The volume fraction and temperature at which the important second phases precipitated out at, during and after steel solidification, were calculated using JMatPro software (Java-based Materials Properties, 9.0 version, Sente Software Ltd., Guildford, UK). For this, the general steel database was employed, running calculations from 1600 °C to room temperature every 10 °C. The theoretical time–temperature transformation (TTT) diagrams for both CP steels were also estimated as a function of grain size and intercritical temperatures during cooling.

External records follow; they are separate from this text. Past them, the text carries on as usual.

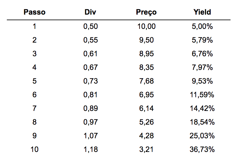 Mesmo nesse exemplo conservador, após dez iterações, teríamos um dividend yield formidável de 9,09% esperando pacientemente por nós, guardado num futuro civilizado no qual a Selic provavelmente estaria muito abaixo disso.
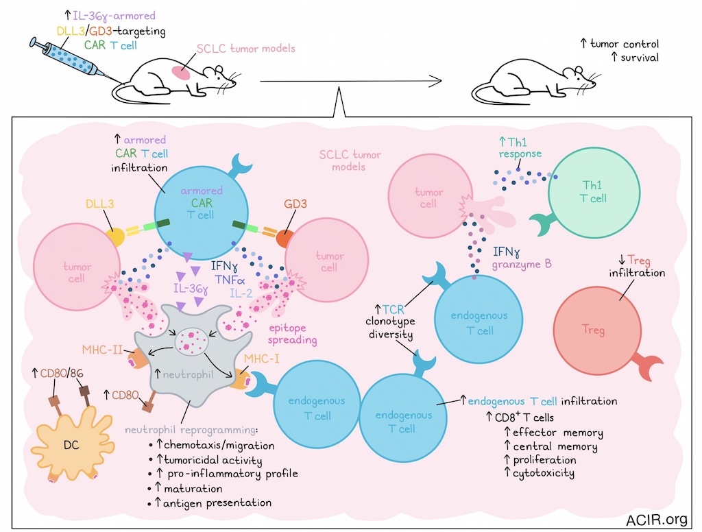 Based on their earlier research, Zuo et al. then assessed whether IL-36γ armoring of the dual-targeting CAR-T could increase the therapeutic efficacy in an immunocompetent mouse model. Given their previously established therapeutic efficacy in SCLC models, IL-18-armored CAR-T were used as controls. In mice bearing liver metastatic SCLC, unarmored CAR-T treatment had no antitumor effects, while both types of armored CAR-T induced tumor regression and improved survival. However, complete tumor eradication was only achieved with the IL-36γ armor.
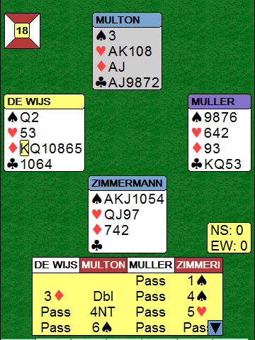 Vil du kravåpne i Øst eller nøyer du deg med 1 spar og tenker i neste runde å hoppe i hjerter? Flere fikk pass på 1 spar, Vest har bare 3 hp. Som man ser er det lett i vinne 4 hjerter med 12 stikk når kl K er i Syd. Bare ett par kom altså i 6 hjerter.
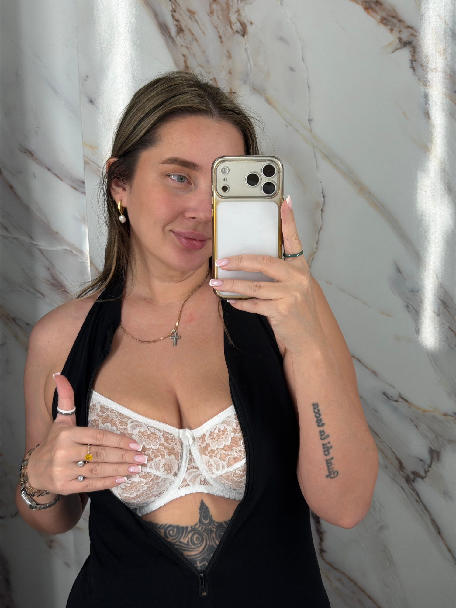 A woman is posing for a selfie in front of a marble-patterned wall. She is holding a smartphone with a gold-colored case in her left hand, partially obscuring her face. She has blonde hair with highli…read more
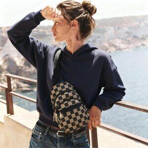 Women Checkered Coffee Imported Leather Small Crossbody Chest Sling Travel Bag
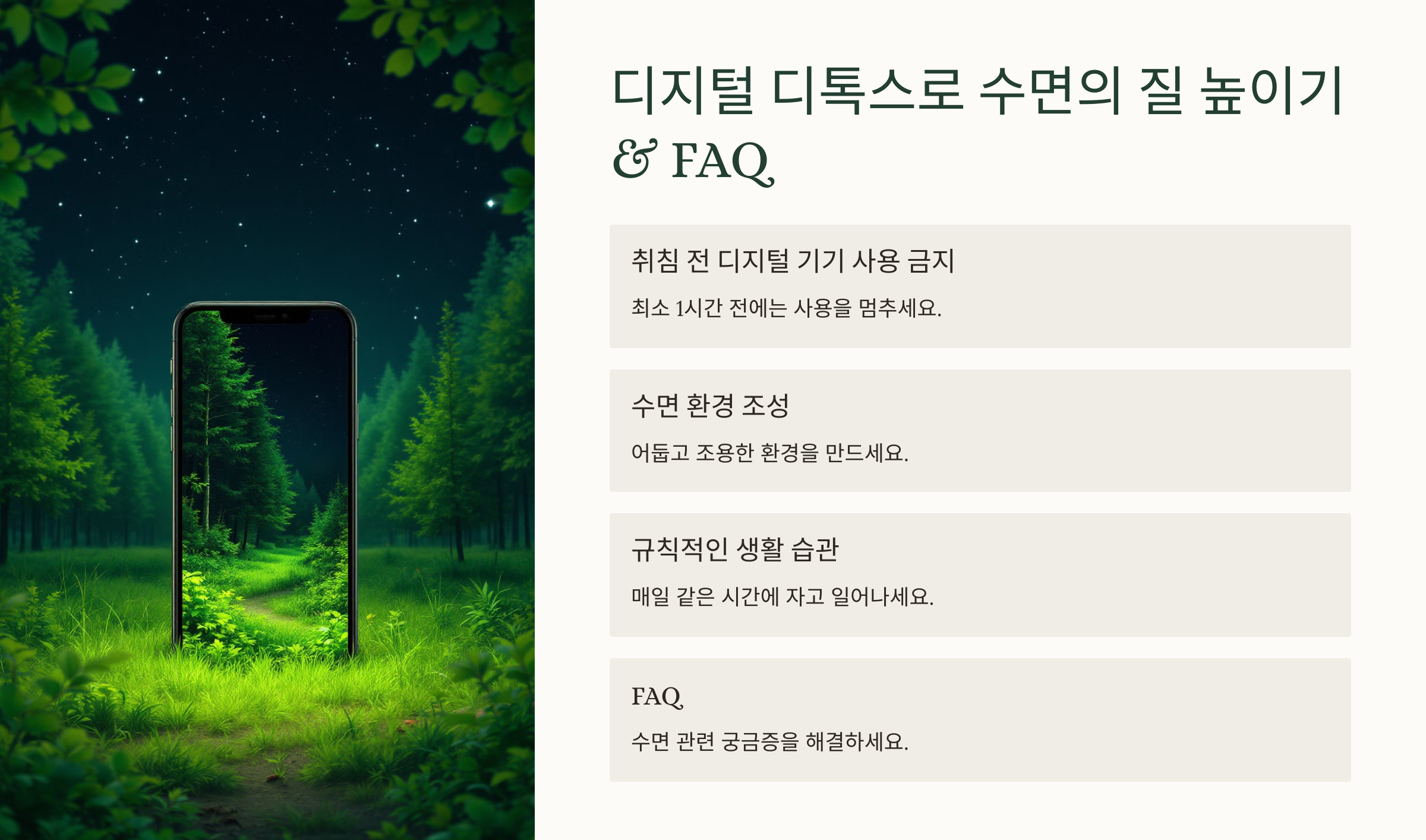 디지털 디톡스를 실천하면 수면의 질이 개선될 뿐만 아니라, 정신적인 안정감도 얻을 수 있어요. 오늘부터 조금씩 실천해보는 건 어떨까요? 😊🌿
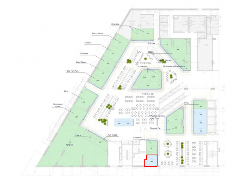 Торговое окружения - разнообразные кухни мира от восточной до азиатской, бары, кальянная, мармелад.
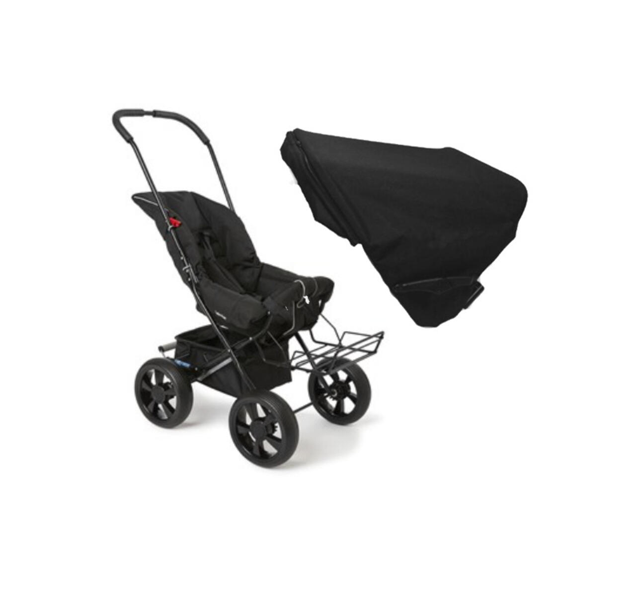 En syskonvagn med sufflett för förskolan i vattenavvisande tyg. Helt säte och varukorg. Ryggen går att ha i sittläge, viloläge samt fullt liggläge. Vagnen har punkteringsfria däck och fyrhjulsfjädring för en bättre komfort. Hjulen är försedda med kullager vilket gör vagnen lätt att köra och skön för barnen att sitta i. Hjulen är avtagbara vilket förenklar rengöring och transport av vagnen. Justerbart fotstöd. Vagnen har en fällbar frambåge som du enkelt kan lossa för att lättare kunna lyfta i och ur barnen. Fempunktssele ingår. Svartlackerat chassi. Bredd 74 cm. Handtaget är höj- och sänkbart i fem olika lägen 94–103 cm. Maxvikt i vagnen är 2x22 kg och varukorgen 10 kg. Sittmått: 49x28 cm. Ryggstöd: 92 cm. Hjul: ø30 cm. Vagnens klädsel är av 100 % polyester som är Oeko-Texcertifierad klass 1. Avtorkningsbar.
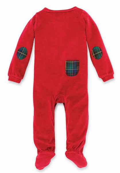 Footed velour one-piece has plaid necktie applique, elbow patches and back pocket detail. Button closures at shoulder and snap closure at inner leg. this item does not come monogrammed, if you would like it monogrammed add the Listing standard Monogram or Premium Monogram to your cart with all the information.
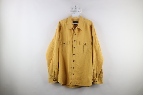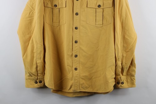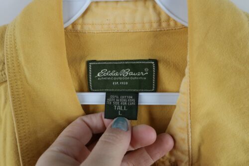 Vintage Eddie Bauer Mens Large Tall Faded Chamois Cloth Button Shirt Yellow
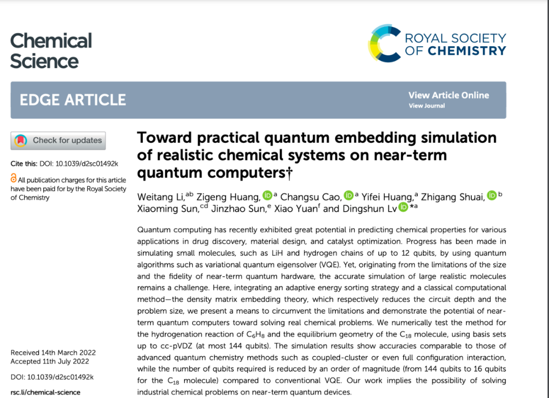 化学、材料体系的模拟很可能会成为量子计算机最先颠覆的行业。变分量子特征值求解算法 (variational quantum eigensolver, VQE) 在近期含噪声中等规模器件上表现出应用于化学模拟的巨大潜力。2020 年,Google 公司利用 “悬铃木” 量子芯片实现了二亚胺 (N2H2) 异构化反应过程的量子计算,相关成果发表于《Science》杂志。然而,近期可实现的量子硬件的尺寸和保真度仍然面临着明显的限制,这对利用量子计算机模拟更加真实的化学、材料体系提出了挑战。

After casting, the CP-B0 and CP-B60 steel ingots were cut to obtain samples for metallographic analysis in the as-cast condition. For the solidification microstructure observation, a location close to the bottom part of the ingots was chosen and a metallographic examination was carried out using the conventional procedure. The chemical solution used for revealing the solidification microstructure was composed of 0.5 g of CuCl₂, 0.5 g of FeCl₃, 30 mL of H₂O, 10 mL of HCl and 8 mL of C₂H₆O. The samples were etched by immersion for 50 s at room temperature. The solidification microstructure was analyzed at different magnifications using an Olympus PMG 3 optical microscope (Olympus Scientific Solutions Technologies Incorporated, Waltham, MA, USA). Representative microstructures were used for the measurement of the austenitic grain size through SigmaScan Pro image analyzer software (5.0, Systat Software Inc., San Jose, CA, USA). The solidification structures of both steels were characterized employing the scanning electron microscopy-electron backscatter diffraction (SEM-EBSD) technique. For this, samples with dimensions of 0.25 cm × 1.0 cm × 1.0 cm were surface prepared using colloidal silica solution and polishing for 6 h to ensure Kikuchi diffraction indexing patterns. Then, the samples were pasted on SEM holders and painted with silver. The EBSD scans were carried out at a SEM magnification of 20× using 7 μm as a step size. Post-processing of the SEM-EBSD data was carried out using Channel 5 system software (Oxford Instruments HKL A/S, Oxofordshire, UK). Finally, in order to identify the phases present in the as-cast condition, X-ray diffraction measurements were performed in a Siemens D5000 diffractometer (Siemens AG, Munich, Germany) using Co Kα electromagnetic radiation (45 kV-18 mA) with a diffractomer angle 2θ from 20 to 120°. A scanning step of 0.013° and a counting time of 13.7 s were used.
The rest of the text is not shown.